De reden om een aantal zaken nu specifiek in de wet te regelen is dat het hier om hoofdzaken gaat die op wetsniveau geregeld moeten worden. In de huidige regelgeving zijn de hoofdzaken niet altijd in de wet geregeld. Een voorbeeld hiervan is de vergunning tot vluchtuitvoering (VtV), in deze wet genoemd het Air Operators Certificate (AOC). De VtV wordt eerst op het niveau van de AMvB, namelijk de Regeling Toezicht Luchtvaart, geregeld.

Met de leden van de SP-fractie zijn wij van mening dat scheiding van verantwoordelijkheden bij alle activiteiten die te maken hebben met de veiligheid van de luchtvaart van groot belang is en dat daartoe in de wet garanties moeten worden ingebouwd. De garantie in de wet van een gelijke behandeling is naar onze mening neergelegd in artikel 1.2, eerste lid. Hierin staat dat de wet van toepassing is op het luchtverkeer, de luchtverkeersbeveiliging, de luchtvaartuigen, het vervoer en de vluchtuitvoering met luchtvaartuigen binnen het vluchtinformatiegebied Amsterdam. De wet is dus gelijkelijk van toepassing op alle adressanten van de wet die zich in Nederland bevinden, ongeacht hun nationaliteit. Verder volgt uit artikel 11.2 wat de bevoegdheden van toezichthoudende ambtenaren zijn. Zij kunnen inzage vorderen van onder andere het bewijs van inschrijving en het bewijs van luchtwaardigheid. In het geval van onmiddellijke dreiging van gevaar zijn deze ambtenaren bevoegd het bedienen of opstijgen van luchtvaartuigen in strijd met het bij of krachtens deze wet bepaalde voor ten hoogste zes uren te verbieden of te beletten.
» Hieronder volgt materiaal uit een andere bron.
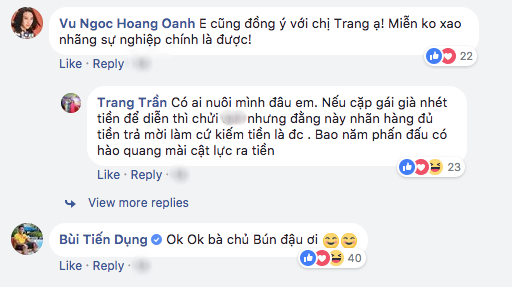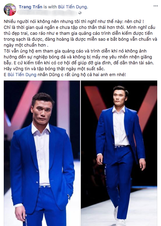 Trước đó, Trang Trần cũng thắng thắn lên tiếng phản bác những quan điểm “ném đá” Bùi Tiến Dũng. Cô cho rằng việc kiếm tiền từ nghề người mẫu hay đi sự kiện, quảng cáo không hề đáng bị lên án: “Chỉ cần trong sạch, đàng hoàng là được, miễn sao em bắt bóng vẫn chuẩn và ngày một chuẩn hơn. Em hãy cứ kiếm tiền khi có cơ hội để giúp đỡ gia đình, dằn thân tài sản. Hãy tự tin và tập bóng ngày một xuất sắc”.
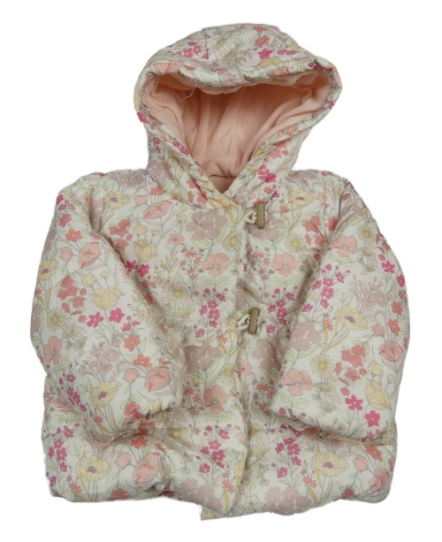 Smetanová prošívaná šusťáková zimní bunda s kytičkami a kapucí Nutmeg
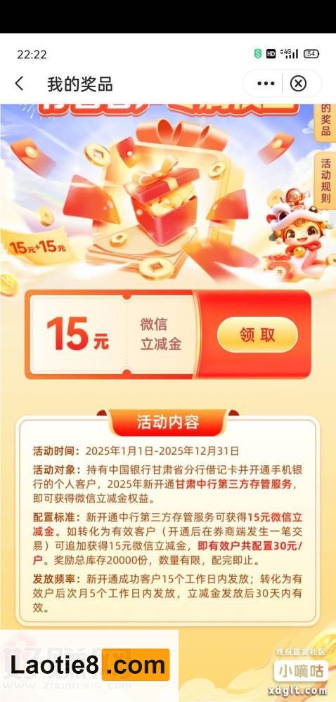 活动对象:持有中国银行甘肃省分行借记卡并开通手机银 持家老铁 • 2025年5月1日 pm10:42 • 时时线报 • 阅读 15 淘宝捡漏群 点击这里加入本站QQ群、线报群、微信群一起交流参加各种活动项目和线报 活动对象:持有中国银行甘肃省分行借记卡并开通手机银行的个人客户,2025年新开通甘肃中行第三方存管服务,即可获得微信立减金权益。 点此加入老铁吧线报推送QQ群:1004763262 点击这里加入本站QQ群、线报群、微信群一起交流参加各种活动项目和线报 京东神车bug群
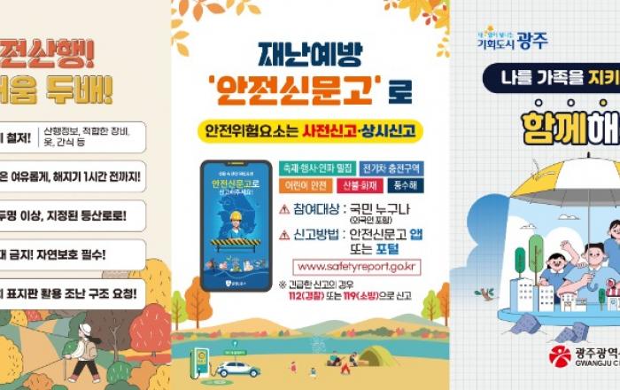 광주광역시(강기정 시장)는 오는 18~20일 김치축제가 열리는 시청 야외광장에서 안전캠페인을 진행한다.캠페인은 행사장을 찾는 시민을 대상으로 ▲보행자 우선, 차량 우회전 방법 ▲전동킥보드 헬멧 사용 및 1인 탑승 등 이용수칙 ▲안전산행을 위한 준비 및 주의사항 ▲축제·

Voorbeeld hiervan zijn de zogenaamde SAFA-teams (Safety Assesment of Foreign Aircraft) die op alle luchthavens steekproefsgewijs bezoekende vliegtuigen onderzoeken ten aanzien van de luchtwaardigheid. Iedere betrokkene zal overigens aan een dergelijk onderzoek worden onderworpen.

Daarenboven is deze wet eveneens van toepassing op Nederlandse luchtvaartuigen, alsmede het vervoer en de vluchtuitvoering met Nederlandse luchtvaartuigen buiten het vluchtinformatiegebied Amsterdam.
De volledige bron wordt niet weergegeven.